WORK REQUEST
Reproduce the listing below in full and exactly; no pictures belong in the copy.

PROVIDED MATERIAL
* * *
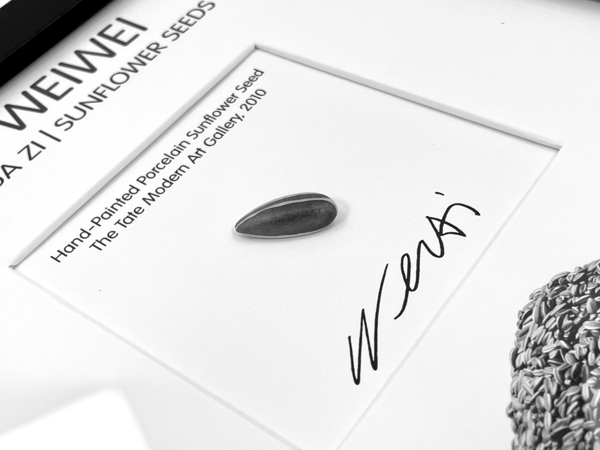 Medium: Hand-painted porcelain sunflower seed from the artist's infamous exhibit. Comes mounted on hardwood frame with plated signature. Includes show flyer.
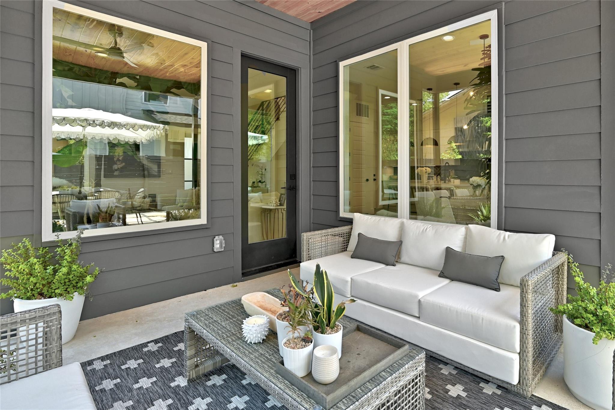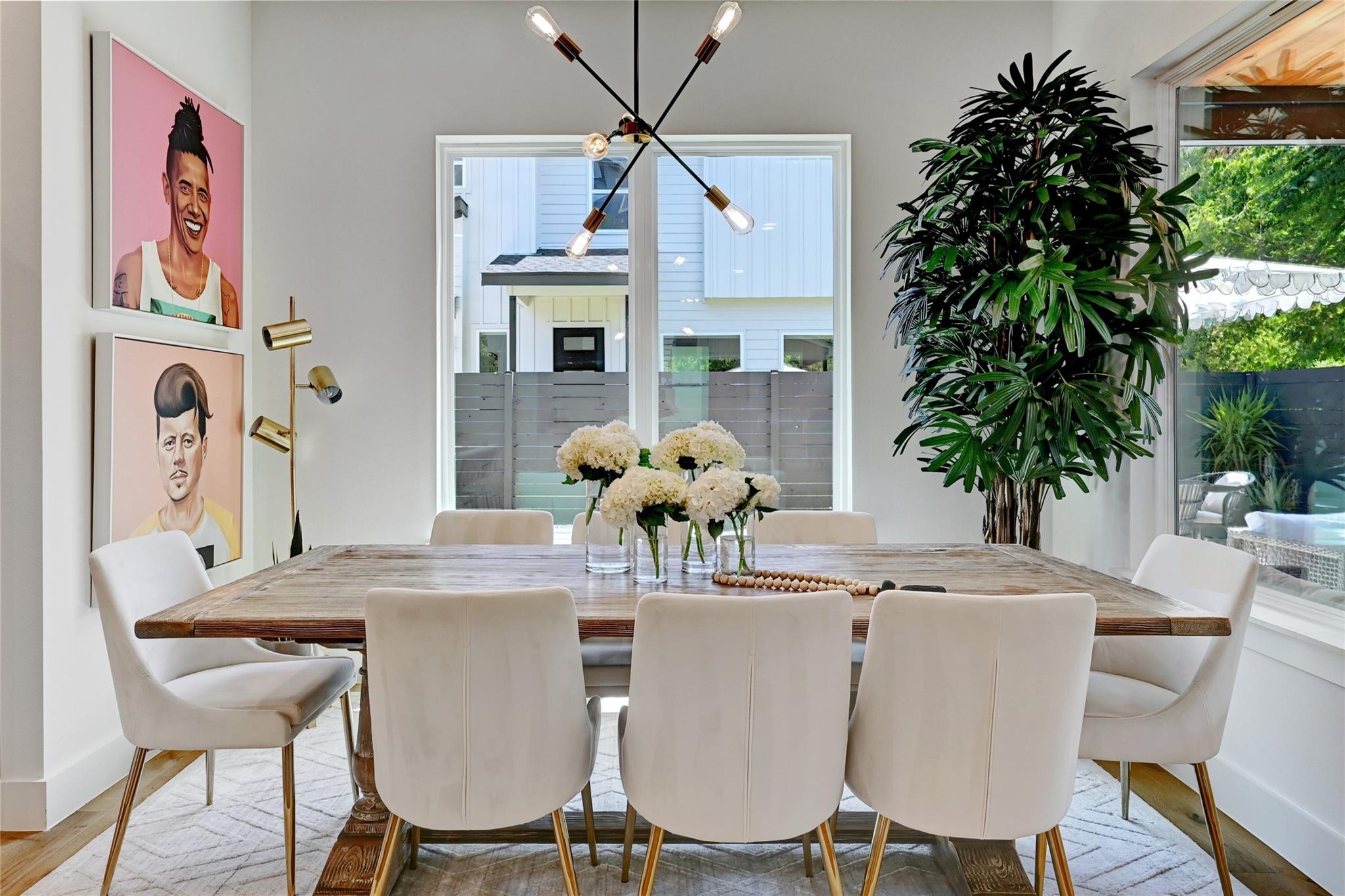 *$1000 OFF FIRST MONTH'S RENT if signed by Dec 1st! This 4-bedroom East Austin home embodies everything we love about life on the East Side -- bold design, thoughtful details, and a vibe that's anything but ordinary. This isn't your average modern build -- it's custom living with a boutique-hotel feel. Step inside and you're greeted by natural light, texture, and flow. The open living and dining areas feel fresh and welcoming, anchored by a striking designer kitchen outfitted with high-end appliances, statement lighting, and custom finishes. Upstairs, the primary suite is all about style and sophistication -- a light-filled retreat with a spa-worthy bathroom and a functional walk-in closet. The secondary bedrooms offer the perfect flexibility for guests, work, or creative spaces. Head up to the third floor for a custom-designed media room that doubles as the ultimate hangout. Slide open the doors to your private terrace, perfect for golden-hour lounging with skyline views. Enjoy outdoor living with front and back spaces ready for entertaining, complete with outdoor furniture and a covered patio. The one-car garage has been transformed into a sleek home gym with a brand-new sauna, so you can skip the commute and the membership fees. Just minutes from downtown, the airport, and all your favorite East Austin spots, this home nails that perfect balance of modern architecture, creative energy, and easy city living. **Rental includes: Some furniture, TVs, outdoor patio furniture and garage gym equipment/sauna.
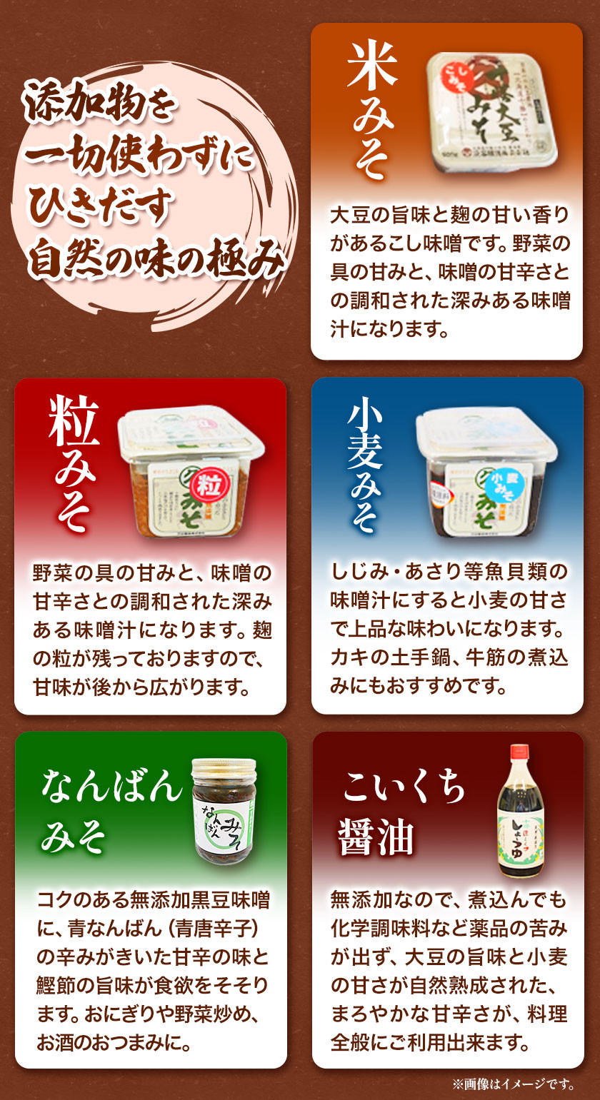 | 容量 | ・無添加味噌3種 各500g (米みそ、粒みそ、小麦みそ) ・なんばんみそ120g×1 ・こいくち醤油(無添加)500ml×1本 |
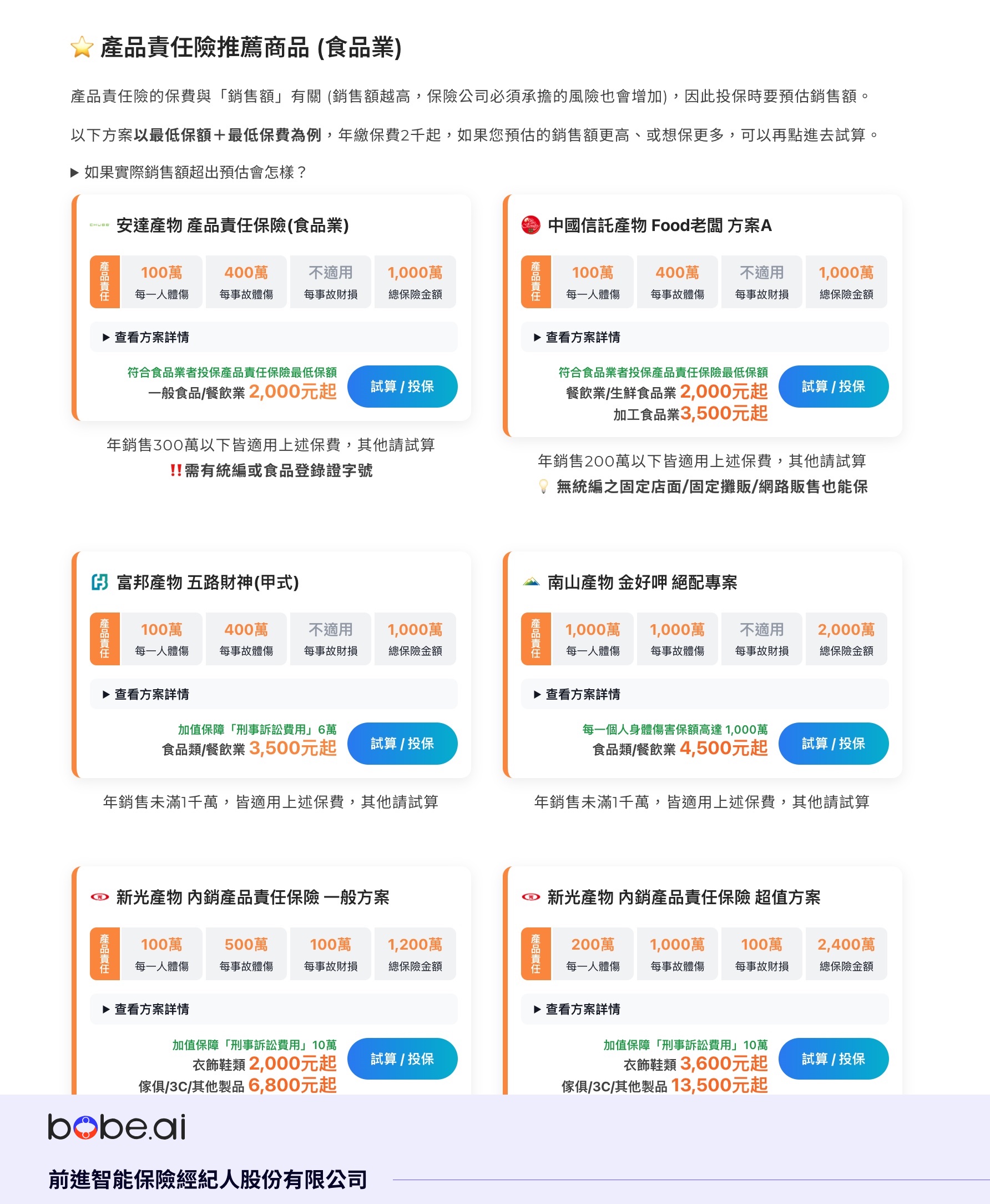 以下方案以最低保額+最低保費為例,年繳保費2千起,如果您預估的銷售額更高、或想保更多,可以再點進去試算。
* * *
WORKED SOLUTION
 Medium: Hand-painted porcelain sunflower seed from the artist's infamous exhibit. Comes mounted on hardwood frame with plated signature. Includes show flyer.
 *$1000 OFF FIRST MONTH'S RENT if signed by Dec 1st! This 4-bedroom East Austin home embodies everything we love about life on the East Side -- bold design, thoughtful details, and a vibe that's anything but ordinary. This isn't your average modern build -- it's custom living with a boutique-hotel feel. Step inside and you're greeted by natural light, texture, and flow. The open living and dining areas feel fresh and welcoming, anchored by a striking designer kitchen outfitted with high-end appliances, statement lighting, and custom finishes. Upstairs, the primary suite is all about style and sophistication -- a light-filled retreat with a spa-worthy bathroom and a functional walk-in closet. The secondary bedrooms offer the perfect flexibility for guests, work, or creative spaces. Head up to the third floor for a custom-designed media room that doubles as the ultimate hangout. Slide open the doors to your private terrace, perfect for golden-hour lounging with skyline views. Enjoy outdoor living with front and back spaces ready for entertaining, complete with outdoor furniture and a covered patio. The one-car garage has been transformed into a sleek home gym with a brand-new sauna, so you can skip the commute and the membership fees. Just minutes from downtown, the airport, and all your favorite East Austin spots, this home nails that perfect balance of modern architecture, creative energy, and easy city living. **Rental includes: Some furniture, TVs, outdoor patio furniture and garage gym equipment/sauna.
 | 容量 | ・無添加味噌3種 各500g (米みそ、粒みそ、小麦みそ) ・なんばんみそ120g×1 ・こいくち醤油(無添加)500ml×1本 |
 以下方案以最低保額+最低保費為例,年繳保費2千起,如果您預估的銷售額更高、或想保更多,可以再點進去試算。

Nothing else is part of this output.